» Problem to work on:
Every line below between the line holding "Ausflugsboot Barrier Reef" and the line holding "VENEZIA TOPO 59,6x59,6x1,1cm", inclusive, should be repeated exactly, and all other lines omitted.

» Data supplied:
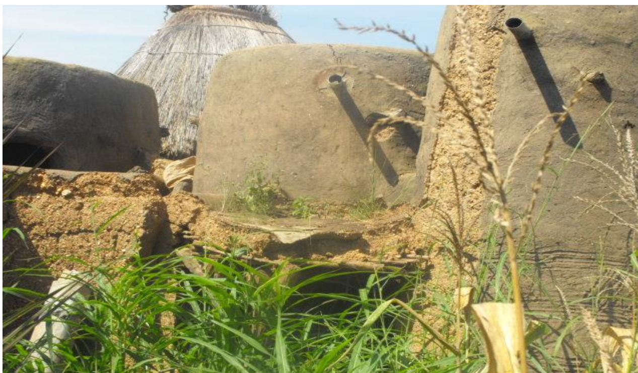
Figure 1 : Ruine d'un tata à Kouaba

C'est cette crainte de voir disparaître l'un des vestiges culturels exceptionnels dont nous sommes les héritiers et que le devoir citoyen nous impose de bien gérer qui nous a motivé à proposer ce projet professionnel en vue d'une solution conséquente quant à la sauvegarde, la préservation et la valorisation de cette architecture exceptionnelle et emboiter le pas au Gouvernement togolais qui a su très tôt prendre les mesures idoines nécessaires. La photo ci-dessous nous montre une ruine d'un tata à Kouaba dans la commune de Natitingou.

...

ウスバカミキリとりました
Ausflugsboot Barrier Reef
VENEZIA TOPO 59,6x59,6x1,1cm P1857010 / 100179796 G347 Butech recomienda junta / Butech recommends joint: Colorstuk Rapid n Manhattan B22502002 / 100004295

» Response area:
Ausflugsboot Barrier Reef
VENEZIA TOPO 59,6x59,6x1,1cm P1857010 / 100179796 G347 Butech recomienda junta / Butech recommends joint: Colorstuk Rapid n Manhattan B22502002 / 100004295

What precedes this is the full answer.